- Purpose: to determine the correct therapeutic agent for an individual

= Companion diagnostic =

Therapeutic drug diagnostic test

A companion diagnostic (CDx) is a diagnostic test used as a companion to a therapeutic drug to determine its applicability to a specific person.

Companion diagnostics are co-developed with drugs to aid in selecting or excluding patient groups for treatment with that particular drug based on their biological characteristics that determine responders and non-responders to the therapy.

Companion diagnostics are developed based on companion biomarkers, biomarkers that prospectively help predict likely response or severe toxicity.
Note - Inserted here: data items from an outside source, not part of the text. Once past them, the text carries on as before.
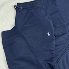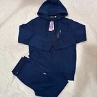 Elevate your activewear collection with this two-piece Polo Ralph Lauren tracksuit in a stunning Navy blue color. The set includes a hoodie and joggers, both made of comfortable and lightweight fleece material. The pullover closure and adjustable waist ensure a perfect fit for any occasion, whether it's a casual day out or a formal event. The tracksuit features a solid pattern with accents of a zip and the iconic Ralph Lauren logo. It's machine washable and easy to care for, making it a perfect choice for all seasons. The set is ideal for various activities, including cycling, running, gym training, and more. Get ready to look stylish and comfortable in this Ralph Lauren tracksuit.
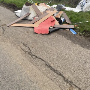 Public bridleway blocked by pile of rubbish dumped in the path. Bed, mattress and sofa also left in the hedgerow.
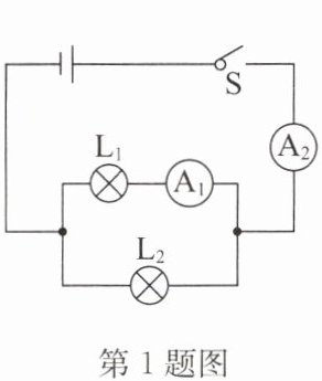 1. 如图所示,闭合开关S后,灯$L_{1}$、$L_{2}$均能发光,若电流表$A_{1}$的示数为0.3A,电流表$A_{2}$的示数为800mA,则通过灯$L_{1}$的电流为

For example, there is an automatic immunohistochemistry staining machine for microscopy slides to highlight HER2 expression. This machine is classified by the U.S. Food and Drug Administration (FDA) as a companion diagnostic device for the drug trastuzumab which works on tumors that over-express HER2.

== EU IVDR ==
In Europe the regulation on in vitro diagnostics (IVDR) defines companion diagnostics as devices that are essential for the safe and effective use of corresponding medicinal products to identify, before and/or during treatment, patients who are most likely to benefit from the corresponding medicinal product; or to identify, before and/or during treatment, patients likely to be at increased risk of serious adverse reactions as a result of treatment with the corresponding medicinal products.